Work instructions |
While leaving the pictures out, set down only the lines from the one with "Mit Stage Plot" through the end of the records, exactly as they stand.

Listed entries |
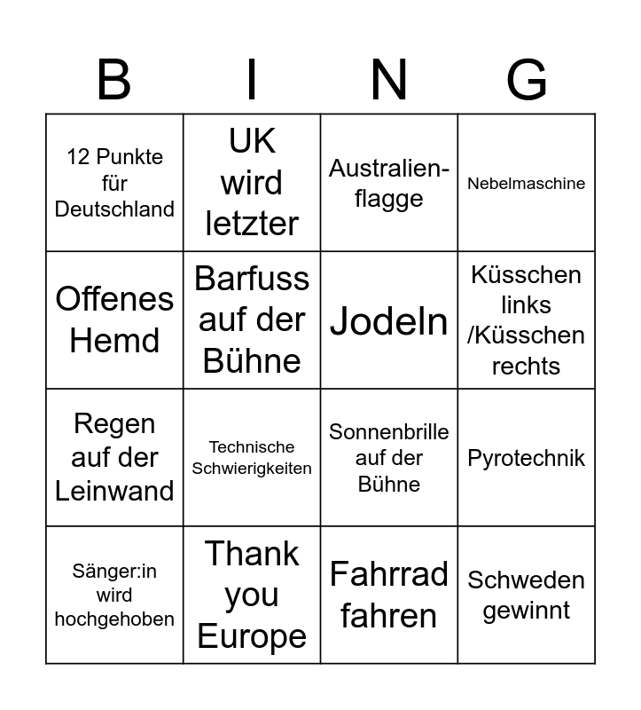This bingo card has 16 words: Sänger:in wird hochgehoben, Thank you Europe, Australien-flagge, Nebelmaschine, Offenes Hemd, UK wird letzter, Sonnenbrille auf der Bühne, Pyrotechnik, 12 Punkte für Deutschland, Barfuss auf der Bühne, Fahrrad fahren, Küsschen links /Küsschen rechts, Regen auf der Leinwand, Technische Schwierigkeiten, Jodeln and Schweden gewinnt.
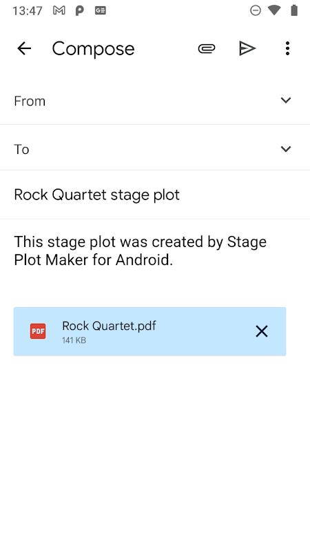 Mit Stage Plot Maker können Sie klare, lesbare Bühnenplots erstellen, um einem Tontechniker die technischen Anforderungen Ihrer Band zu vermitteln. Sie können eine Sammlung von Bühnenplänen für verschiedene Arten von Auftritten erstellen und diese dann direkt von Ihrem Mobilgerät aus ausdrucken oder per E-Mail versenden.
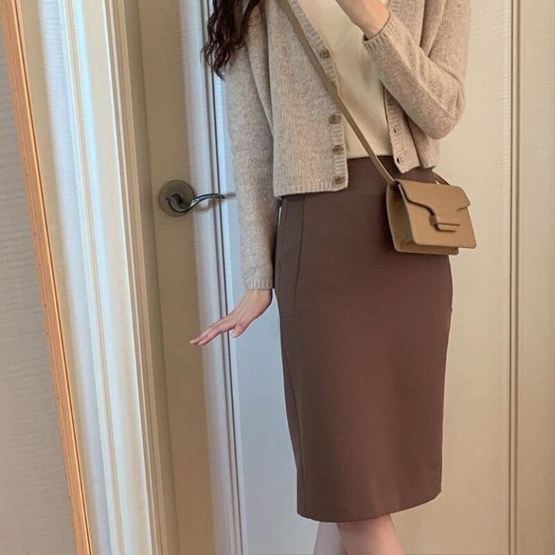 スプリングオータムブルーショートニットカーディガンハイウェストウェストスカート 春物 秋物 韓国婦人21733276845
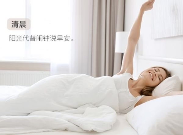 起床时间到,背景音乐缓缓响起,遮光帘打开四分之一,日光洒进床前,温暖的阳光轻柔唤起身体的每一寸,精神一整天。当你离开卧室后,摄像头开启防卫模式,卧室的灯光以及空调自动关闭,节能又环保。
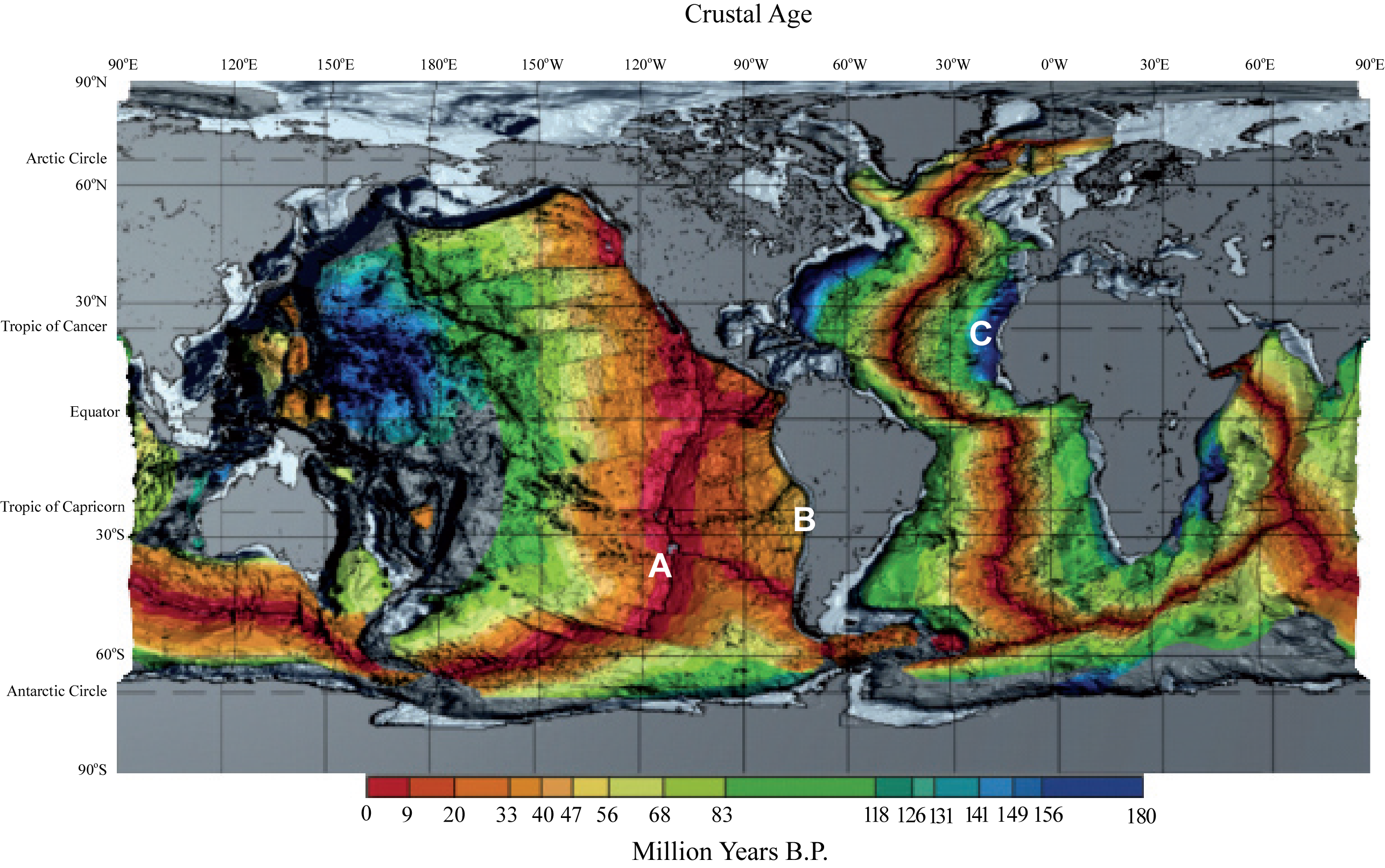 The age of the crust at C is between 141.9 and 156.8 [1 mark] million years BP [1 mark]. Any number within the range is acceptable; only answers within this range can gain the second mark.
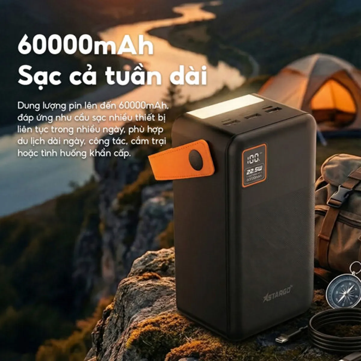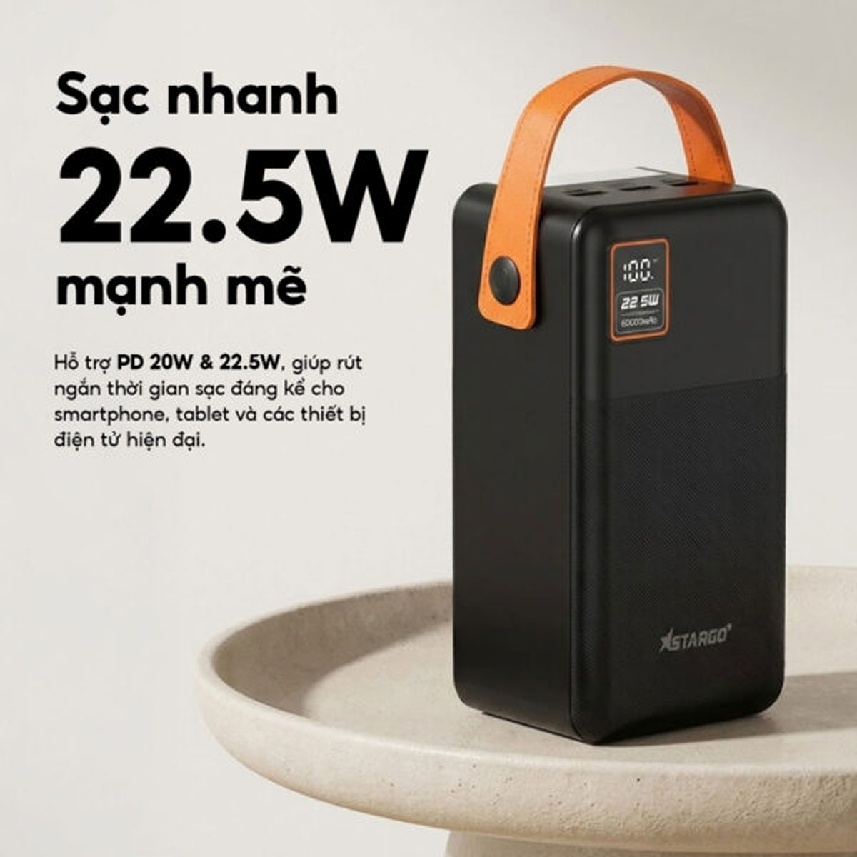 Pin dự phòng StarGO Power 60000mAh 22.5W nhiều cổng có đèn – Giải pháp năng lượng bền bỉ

Answer box |
 Mit Stage Plot Maker können Sie klare, lesbare Bühnenplots erstellen, um einem Tontechniker die technischen Anforderungen Ihrer Band zu vermitteln. Sie können eine Sammlung von Bühnenplänen für verschiedene Arten von Auftritten erstellen und diese dann direkt von Ihrem Mobilgerät aus ausdrucken oder per E-Mail versenden.
 スプリングオータムブルーショートニットカーディガンハイウェストウェストスカート 春物 秋物 韓国婦人21733276845
 起床时间到,背景音乐缓缓响起,遮光帘打开四分之一,日光洒进床前,温暖的阳光轻柔唤起身体的每一寸,精神一整天。当你离开卧室后,摄像头开启防卫模式,卧室的灯光以及空调自动关闭,节能又环保。
 The age of the crust at C is between 141.9 and 156.8 [1 mark] million years BP [1 mark]. Any number within the range is acceptable; only answers within this range can gain the second mark.
 Pin dự phòng StarGO Power 60000mAh 22.5W nhiều cổng có đèn – Giải pháp năng lượng bền bỉ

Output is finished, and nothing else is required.